Choose $ a_i = i/4$. Put the numbers of form $ a_i - k_i$ in increasing order and call them $ b_1, b_2, b_3$ and $ b_4$. We have $ b_4 \ge b_3 + 0.25 \ge b_2 + 0.5 \ge b_1 + 0.75$, because the fractionary parts of the $ b_i$'s are distinct and are multiples of $ 0.25$. Therefore,
$ a \ge (b_1 - b_2)^2 + (b_2 - b_3)^2 + (b_3 - b_4)^2 + (b_1 - b_3)^2 + (b_2 - b_4)^2 + (b_1 - b_4)^2 \ge 3.(0.25)^2 + 2.(0.5)^2 + 0.75^2 = 1.25$
Now we can prove $ a = 1.25$ satisfies the condition (and now I strongly recommend the real line).
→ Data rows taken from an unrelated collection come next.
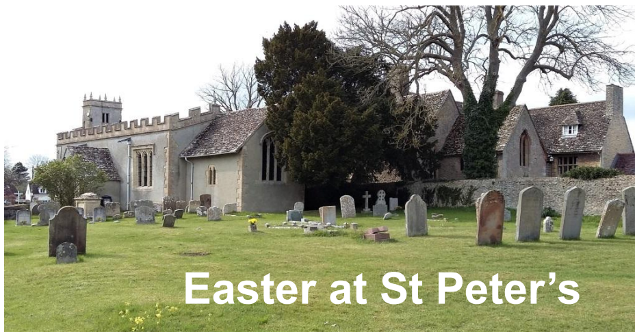
Easter at St Peter's
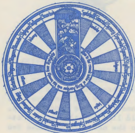
King Arthur's Round Table

THE PHILOSOPHICAL RESEARCH SOCIETY, INC. 3910 LOS FELIZ BOULEVARD LOS ANGELES 27, CALIFORNIA
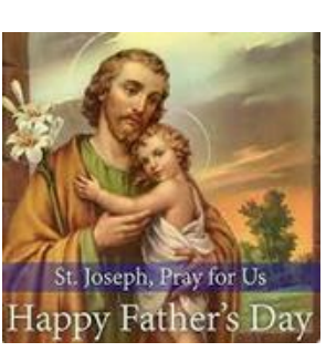
Christ, Lead Him. Christ, Go Before Him. Christ, Bless Him. Amen
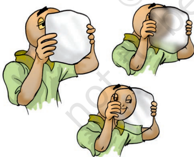
Fig. 4.7 Looking through opaque, transparent or translucent material

You might have played the game of hide and seek. Think of some places where you would like to hide so that you are not seen by others. Why did you choose those places? Would you have tried to
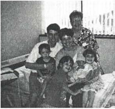
Grandma and family
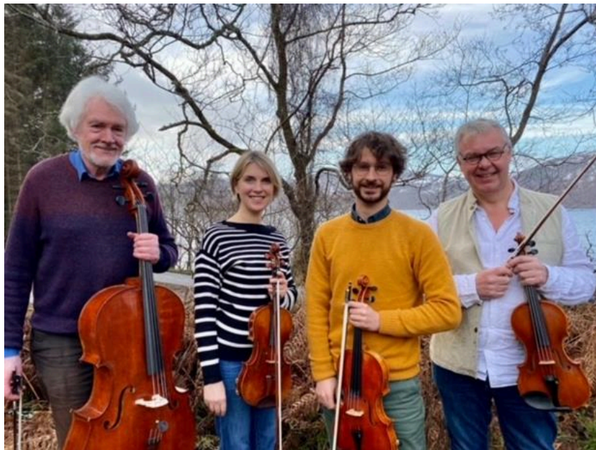
THE AURORA QUARTET, Easter Sunday 17th April at 4pm (doors 3.30pm), Stables.

And don't forget, THE RIOT OF RESOLIS tickets for both performances on Friday 6th May are selling well so get yours now to ensure not to miss out!
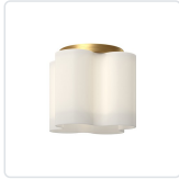
FM54809-BG/OP Brushed Gold/Opal Glass
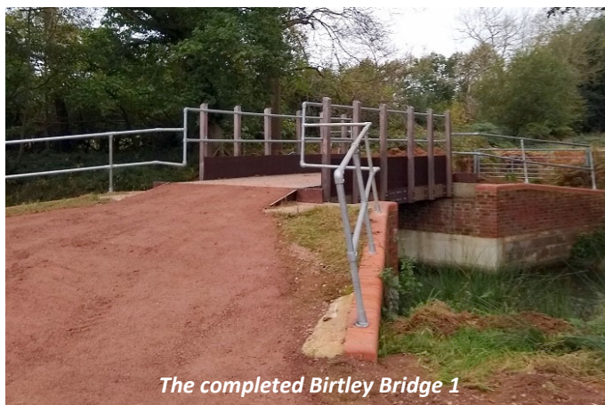
The completed Birtley Bridge 1

At Tickner's work has continued to achieve completion of the bridge approach forebay and walls before winter sets in. In this aim we have been doing well! At the beginning of the month, the shuttering having been removed, the scaffolding was re-erected to allow the brickies to start work on the brick facing above the waterline. About eight courses were completed by the end of the month. Additional brickwork is also being progressed on the southern footbridge abutment to accommodate the water main that crosses the bridge in a slightly different position than had been envisaged!
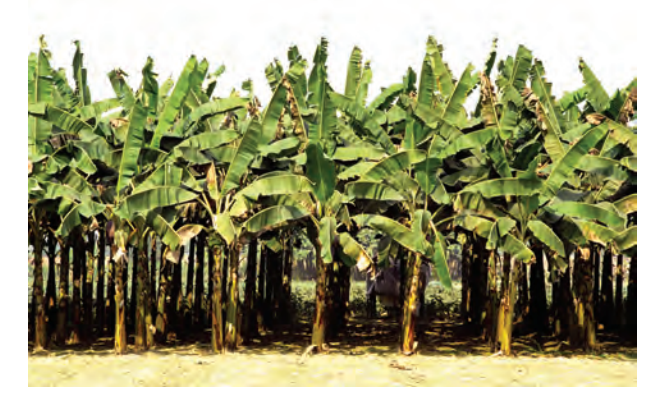
Fig. 4.2: Banana plantation in Southern part of India

In India, tea, coffee, rubber, sugarcane, banana, etc., are important plantation crops. Tea in Assam and North Bengal coffee in Karnataka are some of the important plantation crops grown in these states. Since the production is mainly for market, a well-developed network of transport and communication connecting the plantation areas, processing industries and markets plays an important role in the development of plantations.
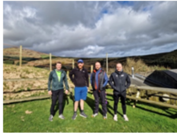
DofE expedition training
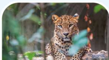
📍 Yala National Park
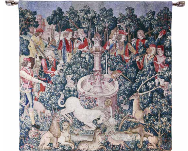
WH-HU (100cm x 100cm) The Unicorn is Found

We may assume w.l.o.g. $ 0 \le a_1 \le a_2 \le a_3 \le a_4 \le 1$ (the idea here and forward is that the $ k_i$'s allow us to consider any number of the form $ a_i + t$ (if $ t \in \mathbb{Z}$) instead of $ a_i$). Now we consider the differences $ a_2 - a_1, a_3 - a_2, a_4 - a_3$ and $ a_1 + 1 - a_4$ (observe that $ a_1 + 1$ is another "representation" of $ a_1$). Let $ M$ be the greatest of such differences. I will assume $ M = a_3 - a_2$ to avoid notation.
We take $ k_1 = k_2 = - 1$ and $ k_3 = k_4 = 0$, so that $ x_1 = a_1 + 1$, $ x_2 = a_2 + 1$, $ x_3 = a_3$ and $ x_4 = a_4$. Back to the $ b_i$'s, we have $ b_1 = a_3$, $ b_2 = a_4$, $ b_3 = a_1 + 1$ and $ b_4 = a_2 + 1$. Now we define $ x = b_2 - b_1$, $ y = b_3 - b_2$ and $ z = b_4 - b_3$. It is easy to see that $ x + y + z + M = 1$. Moreover, $ M = \text{max}\{M, x, y, z\}$ by definition. We want to prove, given these two constraints (and the restriction $ x, y, z, M \ge 0$), that
$ 1.25 \ge \sum_{1 \le i < j \le 4} (b_i - b_j)^2 = x^2 + y^2 + z^2 + (x + y)^2 + (y + z)^2 + (x + y + z)^2$
The worst case is $ y = \text{max}\{x, y, z\}$. Now, since $ f(t) = t^2$ is a convex function, keeping $ x + y$ fixed and increasing $ y$, the sum above rises. This also holds for $ y$ and $ z$. On the other hand, keeping $ x + z$ fixed and increasing $ |x - z|$, the sum also rises. So we just need to test some cases ($ 1 \ge M \ge 1/2$, $ 1/2 > M \ge 1/3$ and $ 1/3 > M \ge 1/4$), each one leading to some variables being equals to $ 0$ or $ M$. It is boring, but it works.
CommentMy first idea was choosing $ M$ equals to a difference $ a_{i + 1} - a_{i} \ge 1/4$ (not necessarily the greatest). But $ M = 1/4$, $ y = 3/4$ and $ x = z = 0$ was a counter example to $ 1,25 \ge$ ugly sum. The problem was having a big $ b$. But we could avoid this interchanging $ b$ and $ M$. Or more directly: choose a maximal $ M$.
Another thing: sometimes I am scared by the possibility that nobody reads my texts. I'd be happy with a private message or a reply saying "don't worry, you're not talking the the ether".